The value at .child.id was a string, and that’s why there’s a failure. Much clearer.

We’re an arrayOf implementation away from a fully capable JSON validation library. But before we go there, we’re going to detour into more combinators.

Combinators

In Lamda calculus a combinator is an abstraction (function) whose identifiers are all bound within that abstraction. In short, no “global” variables.

If we consider the behavior of Validator<T> and how it returns one of two values Success<T> or Failure a natural branching control flow reveals itself.
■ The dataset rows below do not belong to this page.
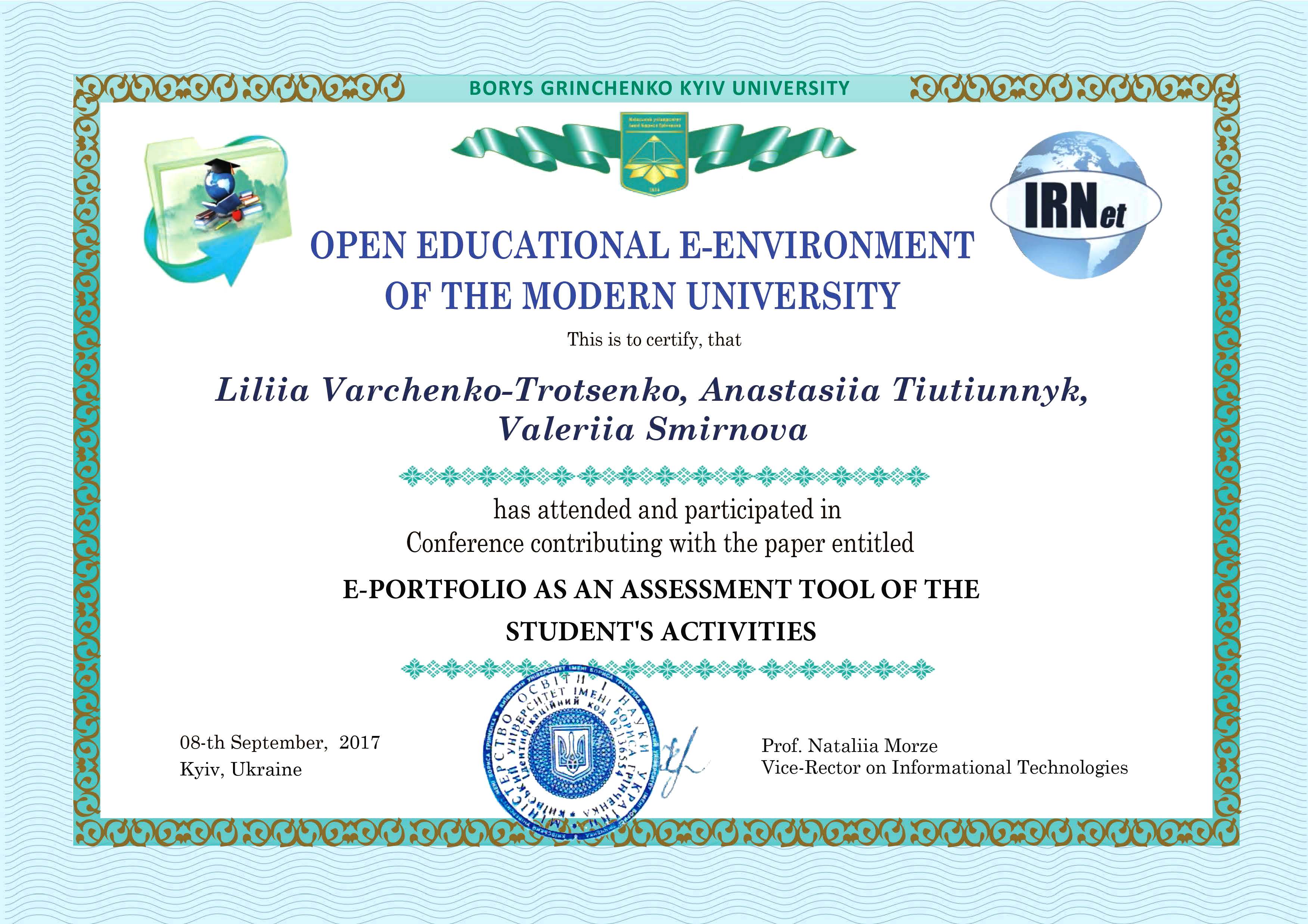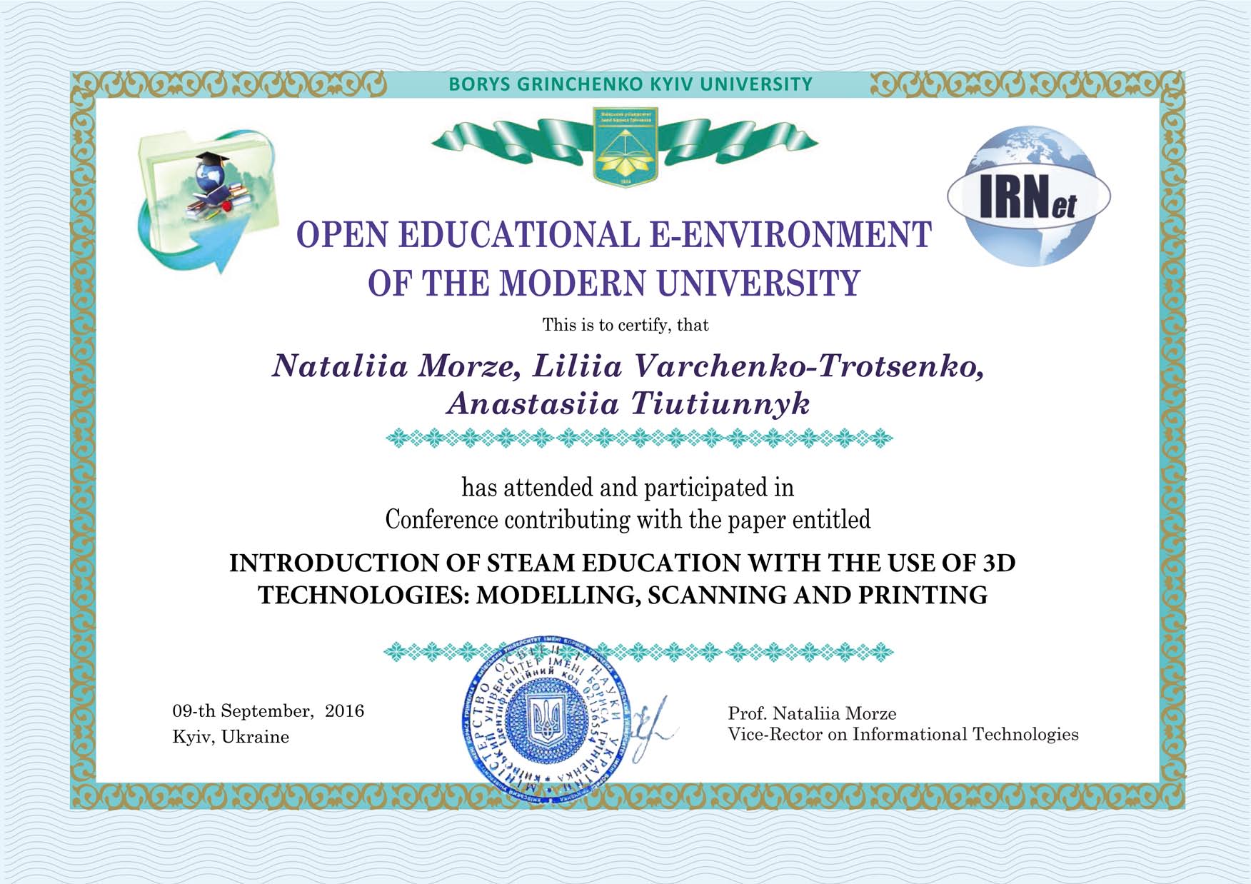| 695 | Відкрите освітнє е-середовище сучасного університету | Міжнародна науково-практична конференція | Київський університет імені Бориса Грінченка | 09.09.2016 00:00 | 10 |
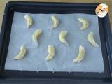 Disposez vos crevettes enrobées de feuille de filo sur une plaque de cuisson recouverte de papier sulfurisé.
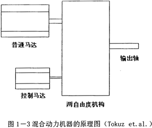 其基本原理如圖1-3所示,一個普通馬達和一個控制馬達分別驅(qū)動一個兩自由度機構(gòu)的兩個輸入構(gòu)件。設(shè)計者期望通過機械與馬達的恰當配合,使得普通馬達提供系統(tǒng)所需的主要功率,而控制馬達僅提供佼小的輔助功率,但還能夠?qū)敵鲞\動進行控制。混合動力機器的研究動機之一是期望以一個大功率(大扭矩)的普通馬達、一個小功率(小扭矩)的控制馬達、以及一個機構(gòu)的組合系統(tǒng)來替代一個大功率(大扭矩)的控制馬達,從而降低成本。混合動力機器的研究動機之二是期望利用機構(gòu)具有的高機械利益(與控制馬達和負載直接耦合的清形比較而言)來提高運動控制的精度及穩(wěn)定性。
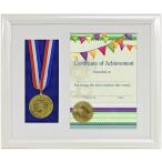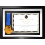 メダル 賞状 写真 額縁 フレーム 飾る ケース メダルかけ 表彰状 フォトフレーム タテ (メダル&写真 タテ, L版写真)
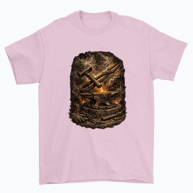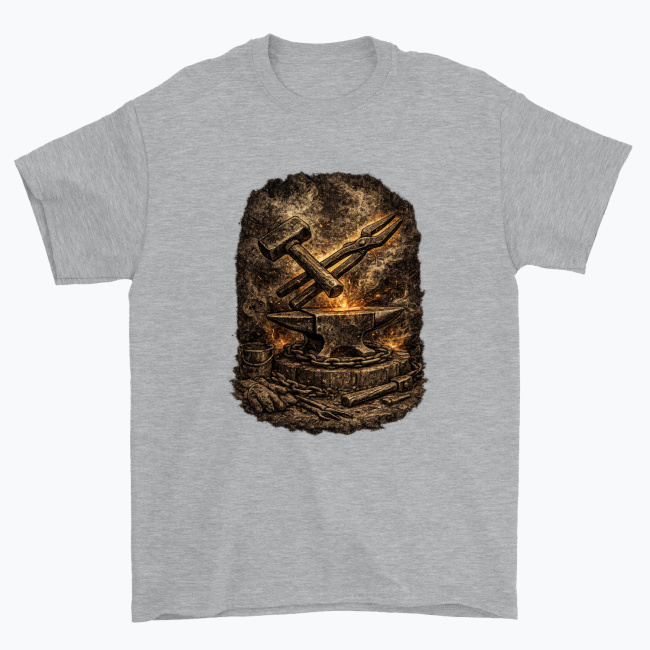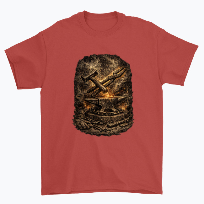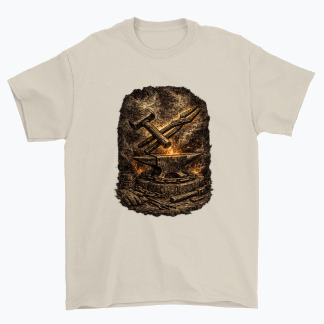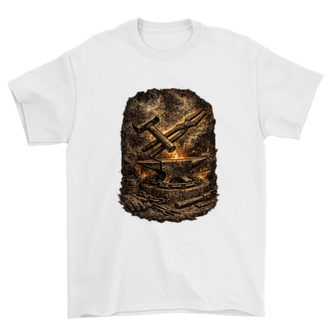Surowy, klimatyczny motyw kowalski przedstawiający klasyczne narzędzia: młot, kowadło i szczypce, otoczone żarem oraz teksturą przypominającą dawną kuźnię. Grafika oddaje klimat ciężkiej pracy, stali i ognia, dzięki czemu świetnie sprawdza się na koszulkach, bluzach, kubkach i innych gadżetach.
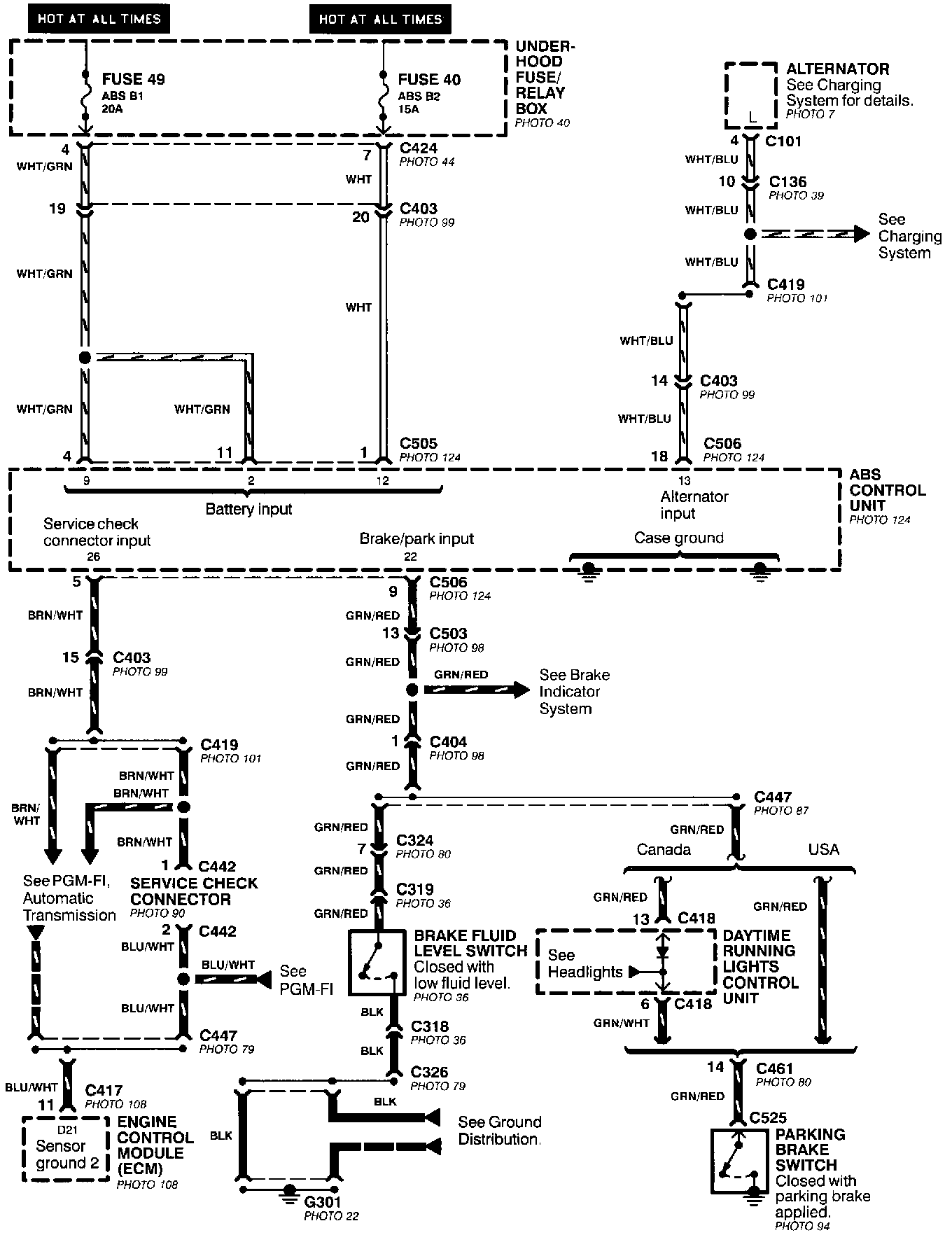 Anti-Lock Brake System- Power, Brake Fluid Switch, And Parking Brake Switch Inputs:
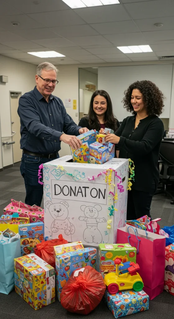 Give your celebration meaning with a charity drive. Collect toys, clothes, or food items for local shelters. Set up a festive donation area with bows and lights. Encourage participation by matching donations as a team. It adds heart to your party and reminds everyone what the season is really about.
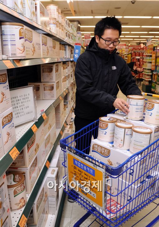 [아시아경제 이재문 기자] 국립수의과학검역원이 시중에 유통중인 조제분유에 대한 정기 검사 결과 매일유업에서 생산한 유아용 조제분유 ‘앱솔루트 프리미엄명작 플러스-2’에서 식중독을 일으키는 황색포도상구균이 검출됐다고 밝힌 가운데 4일 서울 한 대형마트에서 직원들이 앱솔루트 프리미엄명작 플러스-2를 긴급 회수하고 있다.

In our example uses of Validator<T> instances, to continue using it, the next step is to first refine it by checking result.type for either success or failure.

Given how common this pattern is, we can write some combinators to make them slightly easier to work with.

In most uses of Validator<T> we want to do something with the boxed value of the Success<T> case of Result<T>.

This looks like:

const result: Result<Thing> = validate(thing);
if (result.type === 'success') {
  const value: Thing = result.value;
  // do something interesting with value
}

The pattern here is refining to the success case, then using the success value in a new domain. So if the user of validate had a function of type:

(thing: Thing) => OtherThing

It would be nice if they could forego the extra refinement work. We can define that pattern in a combinator.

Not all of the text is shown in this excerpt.